GTFS Schedule is a feed specification that defines a common format for static public transportation information. It is composed of a collection of simple files, mostly text files (.txt) that are contained in a single ZIP file.

Each file describes a particular aspect of transit information such as stops, routes, trips, etc. At its most basic form, a GTFS Schedule dataset is composed of 7 files:

  • agency.txt
  • routes.txt
  • trips.txt
  • stops.txt
  • stop_times.txt
  • calendar.txt
  • calendar_dates.txt

The source of truth for all GTFS Schedule files is the official GTFS Schedule Reference, which provides detailed information on the requirements for all information elements in each file that composes a GTFS Schedule dataset.

https://gtfs.org/documentation/schedule/reference

GTFS Realtime

GTFS Realtime is an extension to the GTFS standard that provides up-to-the-minute information about public transportation systems.
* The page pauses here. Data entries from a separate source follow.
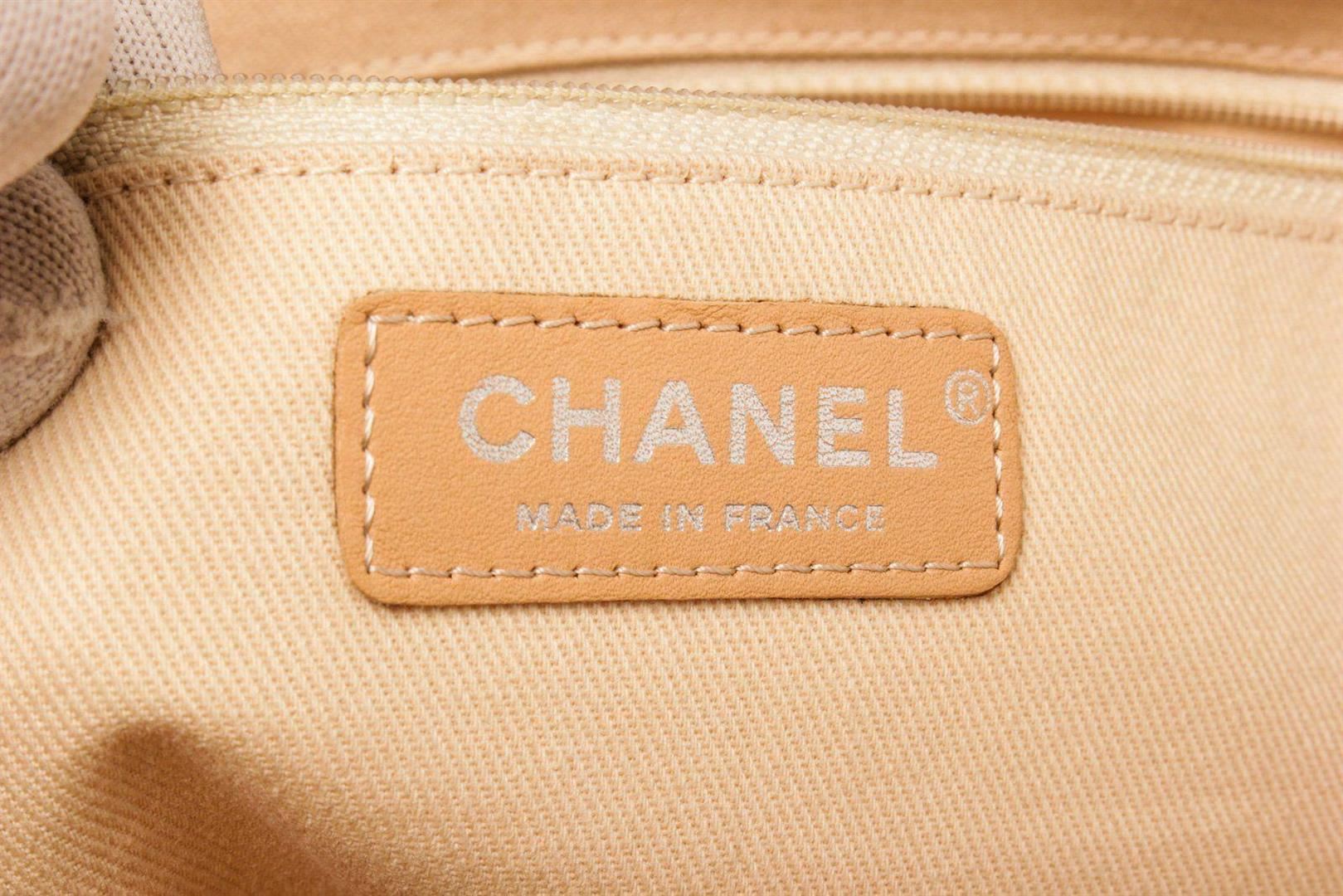 Chanel Peach Caviar Leather CC Camelia Shop Bag with Caviar leather, gold-tone hardware, interior zip & slip pocket, Leather shoulder strap and flap closure.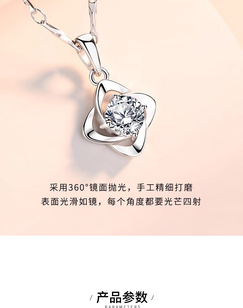 VZZSElonna Alona Moissanite Four-leaf Clover Necklace Women's 18k Color Gold Clavicle Chain Pendant Valentine's Day Gift Silver Necklace (Adjustable Chain Length)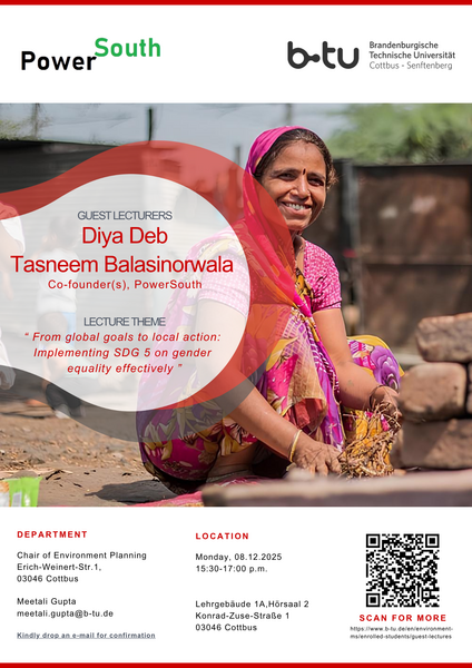 | 4 | Tasneem Balasinorwala; Diya Deb | Power South, Berlin | From global goals to local action: Implementing SDG 5 on gender equality effectively | 08.12.2025 |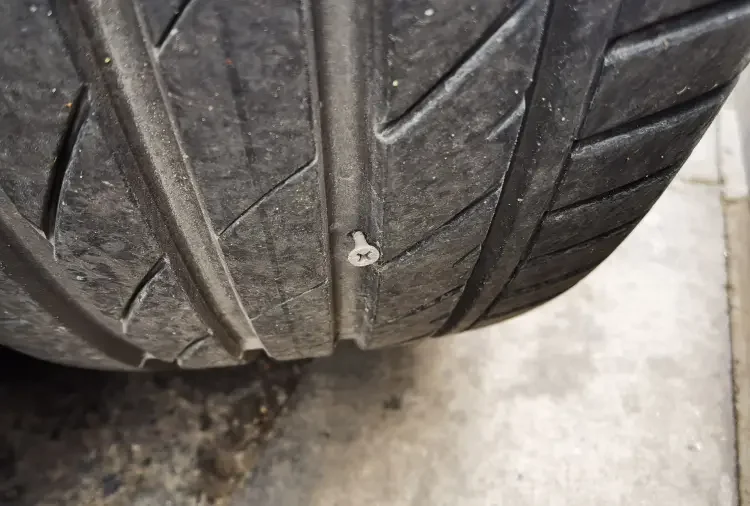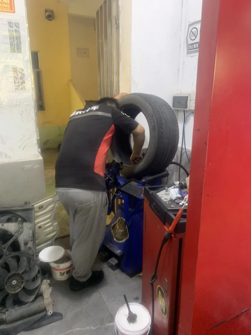 去到了修理店发现车胎有个钉钉,唉😮💨倒霉的一天!

This is what powers the live tracking features in apps like Google Maps, allowing you to see exactly where your bus is and when it's expected to arrive. The specification encodes a variety of real-time data, including the location, speed, and direction of vehicles. It can even provide information on how crowded a bus is using a feature called OccupancyStatus. This real-time data helps riders plan their journeys more effectively, avoid unnecessary waiting, and have a smoother travel experience overall.

GTFS Realtime is a feed specification that allows public transportation agencies to provide up-to-date information about current arrival and departure times, service alerts, and vehicle position, allowing users to smoothly plan their trips.

The specification currently supports the following types of information:

  • Trip updates - delays, cancellations, changed routes
  • Service alerts - stop moved, unforeseen events affecting a station, route or the entire network
  • Vehicle positions - information about the vehicles including location and congestion level

https://gtfs.org/documentation/realtime/reference

Accessing the Data

Many countries and states make their public transport data available through open web APIs. For example, Transport for NSW provides real-time data via their Open Data Hub: https://opendata.transport.nsw.gov.au/. After signing up and generating an API key, you can use it in the header of your requests to access the GTFS Realtime data. The specific endpoint for vehicle positions is: https://api.transport.nsw.gov.au/v2/gtfs/vehiclepos/.

To work with this data, you'll need to decode it from its protobuf format into JSON. There are two primary ways to do this:

Generating a Parser (The Hard Way)

You can manually create a JavaScript parser for the GTFS Realtime protobuf schema. Here's how:

$ npm install -g protobufjs-cli

$ pbjs gtfs-realtime.proto -t static-module -o gtfs-realtime.js -w es6

Here's a breakdown of the flags:

  • -t static-module: Builds the code as a JavaScript module.
  • -o gtfs-realtime.js: Specifies the output filename.
  • -w es6: Wraps the code in ES6 module syntax.

2. Using Pre-built Bindings (The Easy Way)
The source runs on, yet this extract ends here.